Among the least discussed of life’s milestones is this one – the first time your children look at you and say (explicitly or implicitly), “busted.”

It just happened.

My two oldest (11 & 9) daughters and I were playing Jenga – a frighteningly addictive “wooden block tower building game.” The simple object of the game is to pull out the lower blocks of the Jenga tower and stack them on top. Well, after my daughters headed off to do something else I kept playing just trying to find out how high a tower I could build. I got the idea by glancing at the instruction book and seeing the challenge that read, “real pros can build the tower to 36 stories or higher.” I got to 34 and proudly showed it to my girls. They were generally unimpressed so I told them I would pay them $50 if they could get the tower to 40 stories.

It was a slip of the tongue – I didn’t mean it. It was kind of a flip joke – of the kind guys regularly utter. Well their eyes lit up and I became very, very afraid.
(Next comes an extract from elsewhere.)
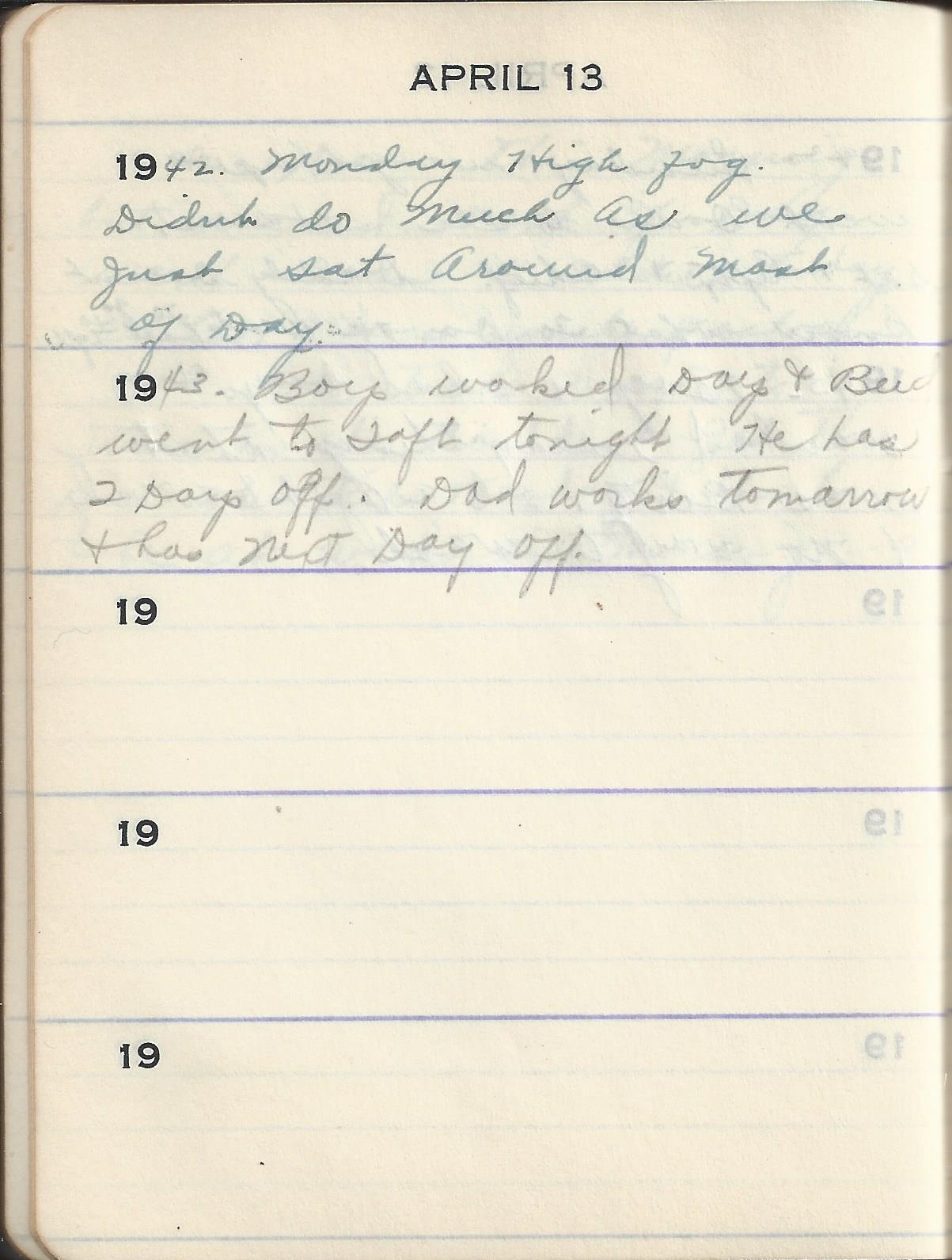 1942 Monday High fog. Didn’t do Much As we Just sat Around Most of Day.

And as such I started modifying the rules. It wasn’t $50 but $40 (a buck per row) and they had to work together and they had to follow all of the rules to the letter. [I wonder if this is how the White House viewed all of those promised billions for the poor?]
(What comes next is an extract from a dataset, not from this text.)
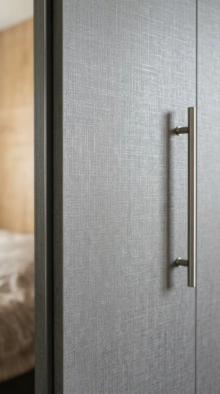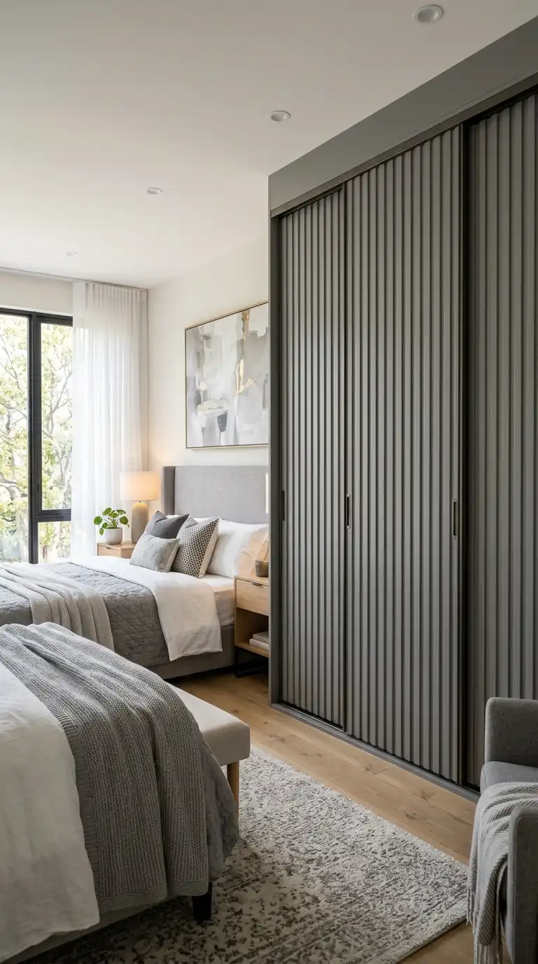 Fluted panels in a soft grey matte finish add texture and architectural interest to sliding wardrobe doors. The vertical grooves create rhythm and depth, catching light and casting subtle shadows. The sliding mechanism saves floor space.

When I was done Laura, the older of the two looked at me and said, “Dad, are you done?”

“Yeah,” I responded, “why?”

“Because I can tell you are nervous about having to pay up – you keep adding more and more rules to favor yourself and make it harder on me. You do that.”

I just sat blushing with both a very pleased grin at my daughter’s insight and a horrified feeling that I had been “‘busted” for the first time and that as the teen years unfold it will become a more regular occurrence.

Back to the matter at hand, I just discovered the world record for a Jenga tower is 40… do I lower the requirement to show good faith or do I let them keep on going… or, if they make it do I call Hasbro and tell them I’ve got Jenga proteges on hand?